▸ Work task: Print them exactly: the lines from the beginning of the entries below through the line that contains "Kit Gratidão decoração", and only those, with the pictures left out.

▸ Material supplied:
-*-*-
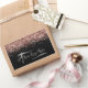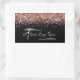 Add your logo to a modern faux sparkly rose gold glitter digital art graphic over a solid color black background on these rectangular stickers.
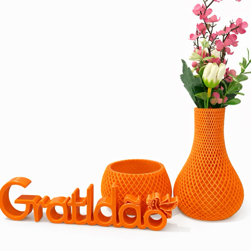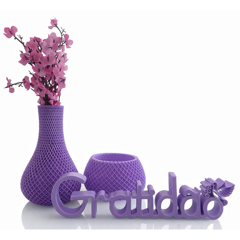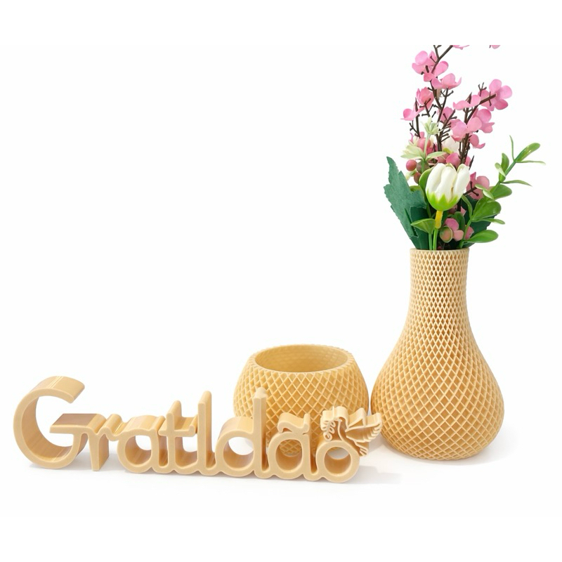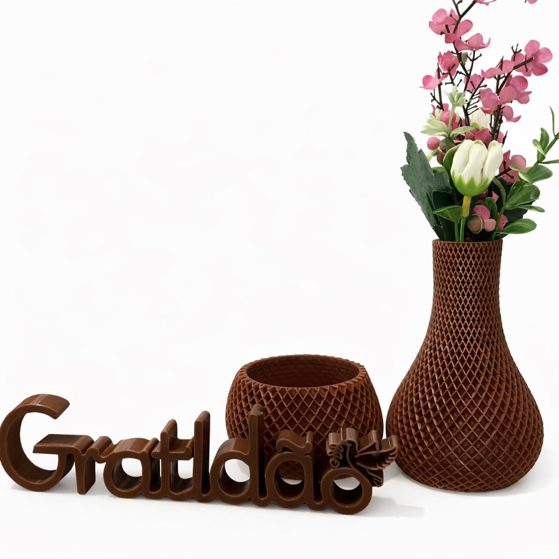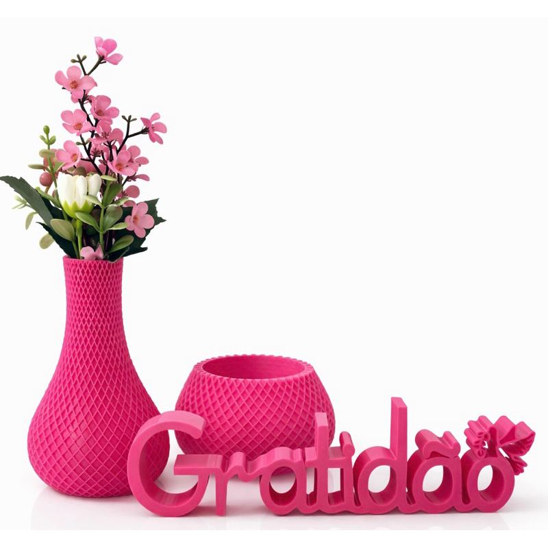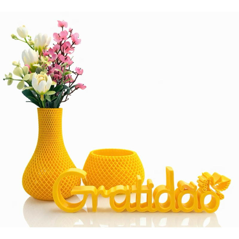 Kit Gratidão decoração minimalista – vaso + porta-velas + letreiro.
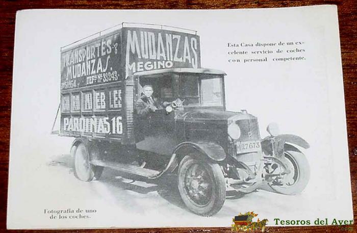 ANTIGUA POSTAL CON PUBLICIDAD TRANSPORTES Y MUDANZAS MEGINO - COCHE, AUTOMOVIL - REVEERSO CON PUBLICIDAD - GENERAL PARDIÑAS - MADRID - NO CIRCULADA.
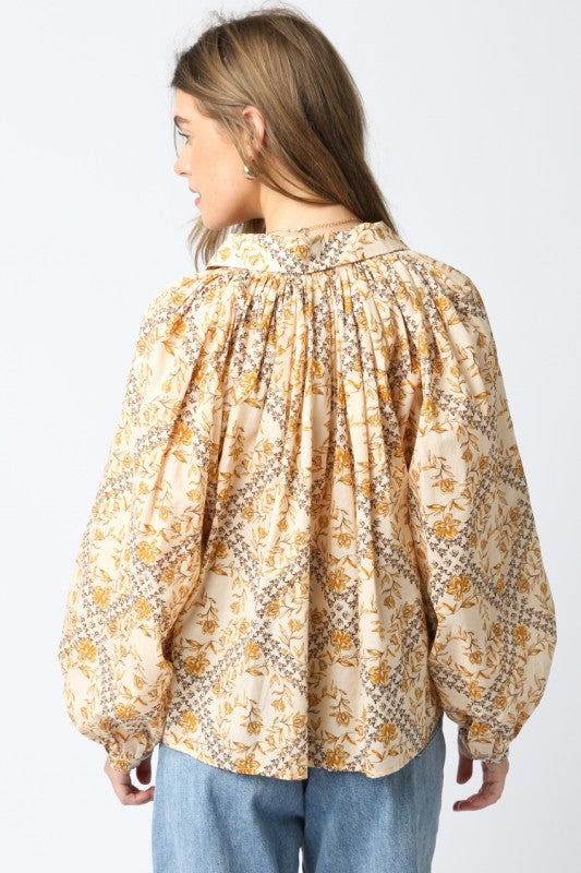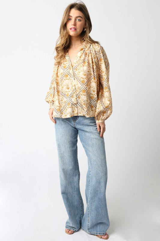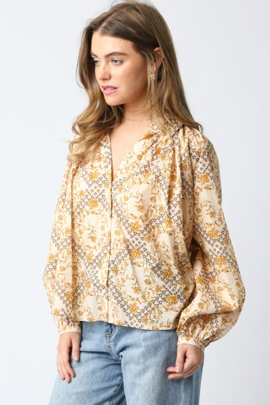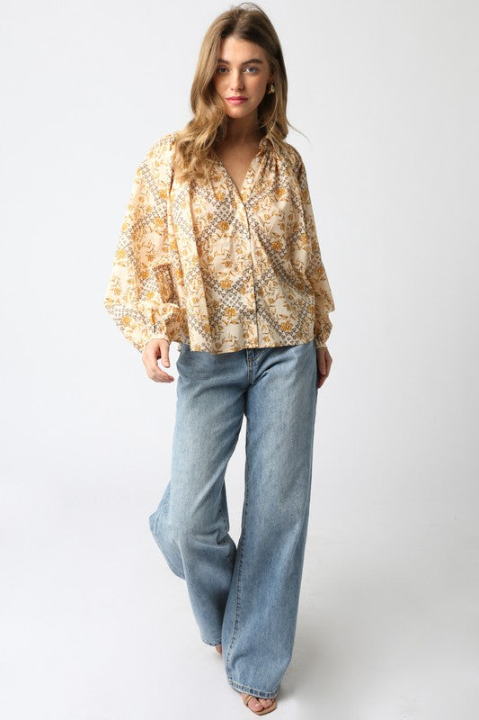 Elevate your style with this mix print, button down blouse, with a relaxed fit.
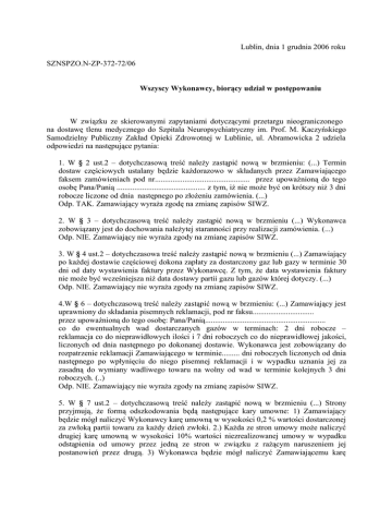 Lublin, dnia 1 grudnia 2006 roku SZNSPZO.N-ZP-372-72/06 Wszyscy Wykonawcy, biorący udział w postępowaniu W związku ze skierowanymi zapytaniami dotyczącymi przetargu nieograniczonego na dostawę tlenu medycznego do Szpitala Neuropsychiatryczny im. Prof. M. Kaczyńskiego Samodzielny Publiczny Zakład Opieki Zdrowotnej w Lublinie, ul. Abramowicka 2 udziela odpowiedzi na następujące pytania: 1. W § 2 ust.2 – dotychczasową treść należy zastąpić nową w brzmieniu: (...) Termin dostaw częściowych ustalany będzie każdorazowo w składanych przez Zamawiającego faksem zamówieniach pod nr................................................ przez upoważnioną do tego osobę Pana/Panią ............................................. z tym, iż nie może być on krótszy niż 3 dni robocze liczone od dnia następnego po złożeniu zamówienia. (...) Odp. TAK. Zamawiający wyraża zgodę na zmianę zapisów SIWZ. 2. W § 3 – dotychczasową treść należy zastąpić nową w brzmieniu (...) Wykonawca zobowiązany jest do dochowania należytej staranności przy realizacji zamówienia. (...) Odp. NIE. Zamawiający nie wyraża zgody na zmianę zapisów SIWZ. 3. W § 4 ust.2 – dotychczasowa treść należy zastąpić nową w brzmieniu (...) Zamawiający po każdej dostawie częściowej dokona zapłaty za dostarczony gaz lub gazy w terminie 30 dni od daty wystawienia faktury przez Wykonawcę. Z tym, że data wystawienia faktury nie może być wcześniejsza niż data dostawy partii gazu lub gazów której dotyczy. (...) Odp. NIE. Zamawiający nie wyraża zgody na zmianę zapisów SIWZ. 4.W § 6 – dotychczasową treść należy zastąpić nową w brzmieniu: (...) Zamawiający jest uprawniony do składania pisemnych reklamacji, pod nr faksu............................... przez upoważnioną do tego osobę: Pana/Panią............................................................. co do ewentualnych wad dostarczanych gazów w terminach: 2 dni robocze – reklamacja co do nieprawidłowych ilości i 7 dni roboczych co do nieprawidłowej jakości, liczonych od dnia następnego po dokonanej dostawie. Wykonawca jest zobowiązany do rozpatrzenie reklamacji Zamawiającego w terminie......... dni roboczych liczonych od dnia następnego po wpłynięciu do niego pisemnej reklamacji i w wypadku uznania jej za zasadną do wymiany wadliwego towaru na wolny od wad w terminie kolejnych 3 dni roboczych. (..) Odp. NIE. Zamawiający nie wyraża zgody na zmianę zapisów SIWZ. 5. W § 7 ust.2 – dotychczasową treść należy zastąpić nową w brzmieniu (...) Strony przyjmują, że formą odszkodowania będą następujące kary umowne: 1) Zamawiający będzie mógł naliczyć Wykonawcy karę umowną w wysokości 0,2 % wartości dostarczonej za zwłoką partii towaru za każdy dzień zwłoki. 2.) Każda ze stron umowy może naliczyć drugiej karę umowną w wysokości 10% wartości niezrealizowanej umowy w wypadku odstąpienia od umowy przez jedną ze stron w związku z rażącym naruszeniem jej postanowień przez drugą. 3) Wykonawca będzie mógł naliczyć Zamawiającemu karę umowną za nieterminową zapłatę w wysokości odsetek ustawowych za każdy rozpoczęty dzień zwłoki. Odp. NIE. Zamawiający nie wyraża zgody na zmianę zapisów SIWZ. 6.W § 7 – dotychczasową treść należy zastąpić nową w brzmieniu (...) Wszelkie spory wynikłe z realizacji niniejszej umowy będą oddawane do rozpatrzenia właściwemu sądowi powszechnemu (...) Odp. NIE. Zamawiający nie wyraża zgody na zmianę zapisów SIWZ. 7. Jednocześnie zwracamy się z prośbą o przełożenie terminu składania ofert na 7.12.2006 Odp. Zamawiający informuje, że ulega termin składania i otwarcia ofert. - termin składania ofert: 07.12.2006 r., godz.10:00 - termin otwarcia ofert: 07.02.2006 r., godz. 10:30
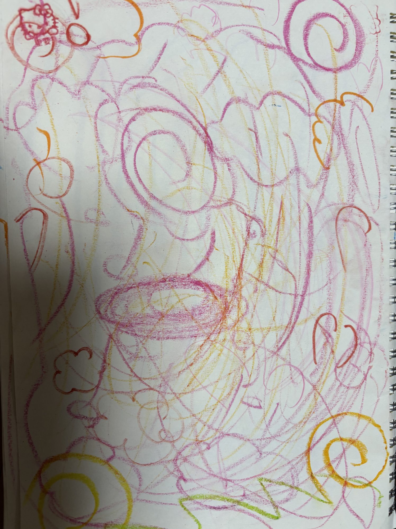 とってもウキウキな気持ちが、くるくるまわる線や、明るい色から伝わってきたよ〜!
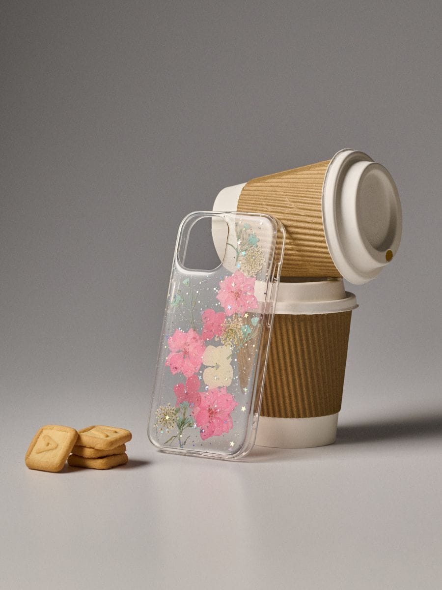 iPhone 15 ümbris kuivatatud lillede ja sädelusega
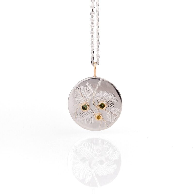 Engraved Nothofagus Foliage Pendant with Australian Sapphires
-*-*-
▸ Completed task:
 Add your logo to a modern faux sparkly rose gold glitter digital art graphic over a solid color black background on these rectangular stickers.
 Kit Gratidão decoração minimalista – vaso + porta-velas + letreiro.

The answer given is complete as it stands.